As they were preparing to roll out early this morning Flagler County schools’ bus drivers got a surprise inspection from members of the Transportation Security Administration, the at-times dreaded federal agency and division of the Department of Homeland Security.
But it’s not what you think.
The agents were there at the invitation of Dontarrious Rowls, the district’s transportation director, who was essentially putting his staff through a safety-training drill that’s part of the TSA’s “Security Enhancement Through Assessment” program. Rowls had used the program in a previous job, and spent the last couple of months preparing to implement it in Flagler. So when bus drivers at first found unattended bags in their buses, they may have been a bit spooked. But that was the point: to see how they’d react, what they’d right and what they’d do wrong, and what it means about the Transportation Department’s safety protocols.
“We’ve never done this before, but some of the feedback I got from the drivers was good,” Rowls said, even as a few got a bit nervous during the exercise. A supervisor was in place to reassure them.

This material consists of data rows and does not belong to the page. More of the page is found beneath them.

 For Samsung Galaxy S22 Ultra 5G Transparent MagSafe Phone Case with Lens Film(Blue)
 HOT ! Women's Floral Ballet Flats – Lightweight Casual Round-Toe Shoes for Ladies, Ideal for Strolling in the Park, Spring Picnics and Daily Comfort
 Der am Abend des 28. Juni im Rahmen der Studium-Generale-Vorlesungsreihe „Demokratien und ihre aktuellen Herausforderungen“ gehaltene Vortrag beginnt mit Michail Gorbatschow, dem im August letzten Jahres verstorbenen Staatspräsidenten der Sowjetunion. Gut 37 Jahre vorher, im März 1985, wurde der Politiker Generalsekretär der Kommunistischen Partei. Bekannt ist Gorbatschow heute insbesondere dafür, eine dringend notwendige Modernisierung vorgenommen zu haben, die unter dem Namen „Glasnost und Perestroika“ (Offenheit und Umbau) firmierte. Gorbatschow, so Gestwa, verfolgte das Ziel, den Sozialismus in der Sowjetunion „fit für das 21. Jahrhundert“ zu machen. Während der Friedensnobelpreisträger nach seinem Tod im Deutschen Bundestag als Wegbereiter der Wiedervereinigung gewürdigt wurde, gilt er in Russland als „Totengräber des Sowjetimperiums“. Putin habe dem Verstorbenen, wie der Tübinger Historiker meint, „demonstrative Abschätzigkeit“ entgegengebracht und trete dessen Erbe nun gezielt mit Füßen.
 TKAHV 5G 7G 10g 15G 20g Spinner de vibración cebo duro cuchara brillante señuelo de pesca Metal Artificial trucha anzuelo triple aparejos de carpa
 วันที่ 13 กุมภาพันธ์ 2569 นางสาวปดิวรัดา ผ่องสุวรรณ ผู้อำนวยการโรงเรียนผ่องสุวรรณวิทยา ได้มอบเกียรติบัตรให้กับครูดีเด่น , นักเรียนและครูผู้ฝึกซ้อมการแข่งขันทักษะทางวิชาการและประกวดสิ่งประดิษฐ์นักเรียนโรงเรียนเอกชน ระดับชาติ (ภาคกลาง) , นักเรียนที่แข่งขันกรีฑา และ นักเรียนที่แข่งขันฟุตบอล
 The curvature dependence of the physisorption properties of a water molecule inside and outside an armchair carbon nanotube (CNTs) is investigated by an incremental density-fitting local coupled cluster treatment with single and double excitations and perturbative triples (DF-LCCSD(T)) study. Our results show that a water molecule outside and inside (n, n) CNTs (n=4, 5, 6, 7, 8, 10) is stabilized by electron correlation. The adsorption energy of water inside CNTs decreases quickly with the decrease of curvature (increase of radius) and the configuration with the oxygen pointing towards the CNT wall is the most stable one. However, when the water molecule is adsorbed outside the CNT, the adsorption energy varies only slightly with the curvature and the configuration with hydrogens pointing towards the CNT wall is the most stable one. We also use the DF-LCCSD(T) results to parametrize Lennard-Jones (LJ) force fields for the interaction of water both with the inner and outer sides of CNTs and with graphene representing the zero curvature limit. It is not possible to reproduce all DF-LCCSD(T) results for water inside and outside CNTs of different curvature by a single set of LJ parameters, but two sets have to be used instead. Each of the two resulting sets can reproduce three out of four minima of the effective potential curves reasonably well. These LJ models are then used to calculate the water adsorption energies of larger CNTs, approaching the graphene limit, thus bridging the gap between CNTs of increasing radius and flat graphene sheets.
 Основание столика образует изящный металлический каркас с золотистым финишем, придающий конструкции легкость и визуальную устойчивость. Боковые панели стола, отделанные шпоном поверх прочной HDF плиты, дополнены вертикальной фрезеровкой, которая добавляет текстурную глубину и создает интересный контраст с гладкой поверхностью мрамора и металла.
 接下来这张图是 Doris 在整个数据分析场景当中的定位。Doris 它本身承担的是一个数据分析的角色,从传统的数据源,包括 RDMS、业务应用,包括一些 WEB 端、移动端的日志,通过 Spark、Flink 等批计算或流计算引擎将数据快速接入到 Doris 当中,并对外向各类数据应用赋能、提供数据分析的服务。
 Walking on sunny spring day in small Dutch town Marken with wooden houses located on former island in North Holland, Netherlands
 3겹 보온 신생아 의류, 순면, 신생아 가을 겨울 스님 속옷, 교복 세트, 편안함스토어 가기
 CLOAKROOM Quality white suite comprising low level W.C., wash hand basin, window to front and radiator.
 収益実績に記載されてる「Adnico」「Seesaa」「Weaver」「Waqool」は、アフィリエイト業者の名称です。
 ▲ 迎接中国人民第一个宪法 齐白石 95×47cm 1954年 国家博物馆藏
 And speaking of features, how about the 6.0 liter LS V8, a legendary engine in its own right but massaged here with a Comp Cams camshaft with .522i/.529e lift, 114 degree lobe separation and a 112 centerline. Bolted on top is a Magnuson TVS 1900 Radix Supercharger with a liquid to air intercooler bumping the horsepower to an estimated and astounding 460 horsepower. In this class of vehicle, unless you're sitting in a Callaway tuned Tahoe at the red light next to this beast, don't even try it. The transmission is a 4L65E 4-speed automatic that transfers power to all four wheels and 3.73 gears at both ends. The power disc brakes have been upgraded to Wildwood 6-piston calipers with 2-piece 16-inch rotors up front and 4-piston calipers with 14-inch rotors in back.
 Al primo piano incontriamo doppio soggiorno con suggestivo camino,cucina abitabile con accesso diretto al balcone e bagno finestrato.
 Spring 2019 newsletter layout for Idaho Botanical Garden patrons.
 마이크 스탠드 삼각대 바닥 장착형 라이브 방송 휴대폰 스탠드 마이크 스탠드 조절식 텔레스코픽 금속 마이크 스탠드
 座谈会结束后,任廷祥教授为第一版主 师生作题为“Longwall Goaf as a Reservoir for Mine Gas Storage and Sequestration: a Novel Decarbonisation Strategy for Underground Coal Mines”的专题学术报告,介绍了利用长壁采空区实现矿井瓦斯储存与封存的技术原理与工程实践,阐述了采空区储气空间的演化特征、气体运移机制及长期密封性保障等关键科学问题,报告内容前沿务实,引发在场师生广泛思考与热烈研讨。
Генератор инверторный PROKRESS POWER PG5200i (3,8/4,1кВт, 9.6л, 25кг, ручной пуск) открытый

The SETA program is a “no-cost, collaborative, voluntary program that is designed to evaluate and improve a surface transportation stakeholder’s vehicle inspection procedures,” a program fact sheet states. “A tactical level assessment, SETA consists of covertly placing unattended bags on multiple vehicles simultaneously to simulate a coordinated terrorist attack.”
At least that’s how it’s phrased for all sorts of agencies that take advantage of the training, from airline companies to rail and other surface transportation agencies.
TSA’s program involves several steps, starting with what took place today, when bus drivers and the department’s protocols were under observation and those bags were left on buses to see whether and how drivers carried out their required pre- and post-route security checks. Of course they were not told ahead of time. “If I coach you out of the gate the gate I don’t get real feedback,” Rowls said. “We wanted to get a real baseline on where our drivers were.”
That part of the assessment is now completed. Phase 2 entails TSA inspectors providing briefings and security training on how the department can improve, what it’s doing well (and should keep doing), and other protocols it could consider. That will take place later this summer. Phase three is a re-assessment: another chance for the inspectors to see whether the department is implementing recommendations and ensuring that employees are abiding by them.
It’s all free and voluntary.
Rowls says he wants to do “everything we can to ensure we transport our passengers as safely as possible. It’s about being prepared. We can never teach preparedness enough, so all in all my direction for the department, my passion, is I have an obligation to the community and the stakeholders that trust us to transport their children as safely as possible.”
The Flagler County Transportation Department provides transportation to some 5,600 students every day, running 62 buses that cover 131 bus runs.
The inspectors also provide active-shooter training, hostage-situation training and other, less cataclysmic methods that more commonly apply to bus drivers, such as–for example–knowing how to detect a vehicle at a bus stop that isn’t usually there or may seem out of place, and reacting appropriately. The approach is part of a broader reorganization and modernization of the department that’s also taking advantage of new technology on buses–10 new ones are to be delivered this summer–emphasizing training and providing employees down to service techs what they need to do the job.
The department went through stressful months at the beginning of the year, struggling through driver shortages, but it’s turned around since, resulting in what Rowls describes as “Not a comfortable place but a good place” for now.
“Safety is my number one priority, because we can’t be prepared enough when it comes to transporting our future and transporting our precious cargo,” Rowls said.